Information shown
++++++++

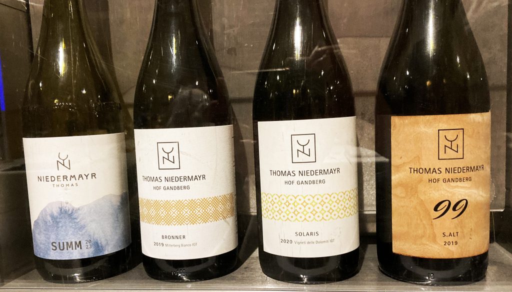 Neben den Verkostungen an den einzelnen Tischen gab es dann auch noch einige Masterclasses, welche in einem quasi Nebenraum stattfand und über so ca. 1 Std. dauerte. Ich wurde kurzfristig zu einer Masterclass über Piwi Weine des Weingutes Niedermayr eingeladen bzw. hingelotst und kam so zu einer sicher sehr interessanten Einführung und umfangreichen Erklärungen zu Piwi Weinen dieses Weingutes. Nur kurz zur Erklärung: Piwi Weine sich solche Rebsorten die im Prinzip pilzresistent sind, meist Neuzüchtungen aus den letzten 2-3 Jahrzehnten und inzwischen immer mehr in Europa, aber auch in Übersee angebaut werden. Darunter fallen solche Rebsorten wie: Solaris, Brommer, Sauvignier Gris, Muscaris und diverse weitere die sich erst einmal einen Namen in der Weinwelt verschaffen müssen. Wir verkosteten 4 unterschiedliche Flaschen vom Weingut Niedermayr der weißen Sprten wie folgt:
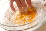 卵、オリーブ油を混ぜ合わせ、固さの調整用に少し残しておき、凹みに入れる。まわりから粉を崩しながら少しずつ混ぜる。
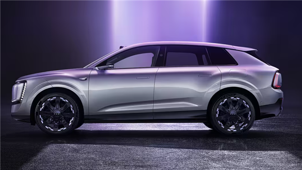车身侧面采用溜背式线条,搭配隐藏式门把手与大尺寸多辐式轮毂,风阻系数进一步优化。
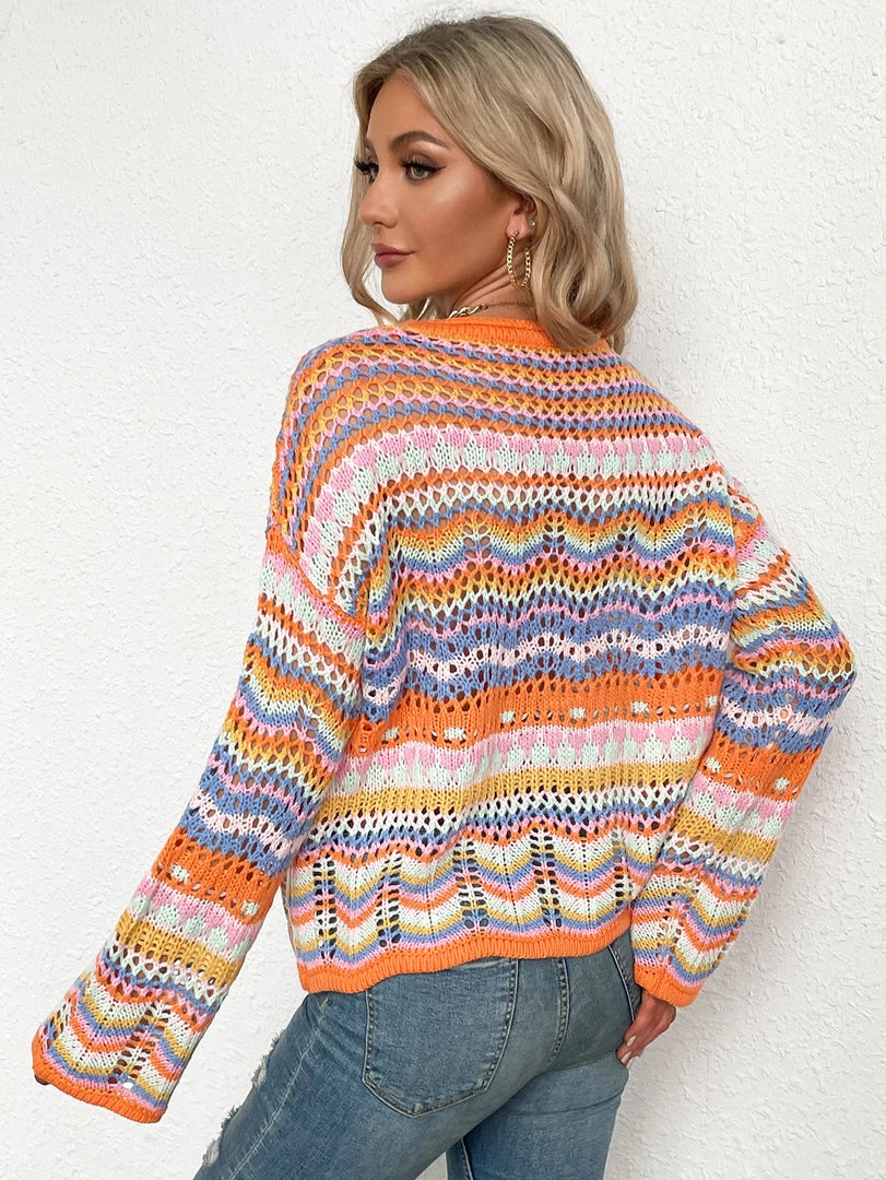 Our Carmo Top comes in a orange tone base, with a multicoloured stripe pattern. It features a high neckline and a long straight sleeves for a relaxed, comfortable fit. This cute knit is perfect for layering during the spring months ahead!.

++++++++

Nothing but the lines from the start of the listing through the line with "车身侧面采用溜背式线条,搭配隐藏式门把手与大尺寸多辐式轮毂,风阻系数进一步优化。" belongs in the answer, each one retyped exactly and without pictures.

Answer box
 Neben den Verkostungen an den einzelnen Tischen gab es dann auch noch einige Masterclasses, welche in einem quasi Nebenraum stattfand und über so ca. 1 Std. dauerte. Ich wurde kurzfristig zu einer Masterclass über Piwi Weine des Weingutes Niedermayr eingeladen bzw. hingelotst und kam so zu einer sicher sehr interessanten Einführung und umfangreichen Erklärungen zu Piwi Weinen dieses Weingutes. Nur kurz zur Erklärung: Piwi Weine sich solche Rebsorten die im Prinzip pilzresistent sind, meist Neuzüchtungen aus den letzten 2-3 Jahrzehnten und inzwischen immer mehr in Europa, aber auch in Übersee angebaut werden. Darunter fallen solche Rebsorten wie: Solaris, Brommer, Sauvignier Gris, Muscaris und diverse weitere die sich erst einmal einen Namen in der Weinwelt verschaffen müssen. Wir verkosteten 4 unterschiedliche Flaschen vom Weingut Niedermayr der weißen Sprten wie folgt:
 卵、オリーブ油を混ぜ合わせ、固さの調整用に少し残しておき、凹みに入れる。まわりから粉を崩しながら少しずつ混ぜる。
车身侧面采用溜背式线条,搭配隐藏式门把手与大尺寸多辐式轮毂,风阻系数进一步优化。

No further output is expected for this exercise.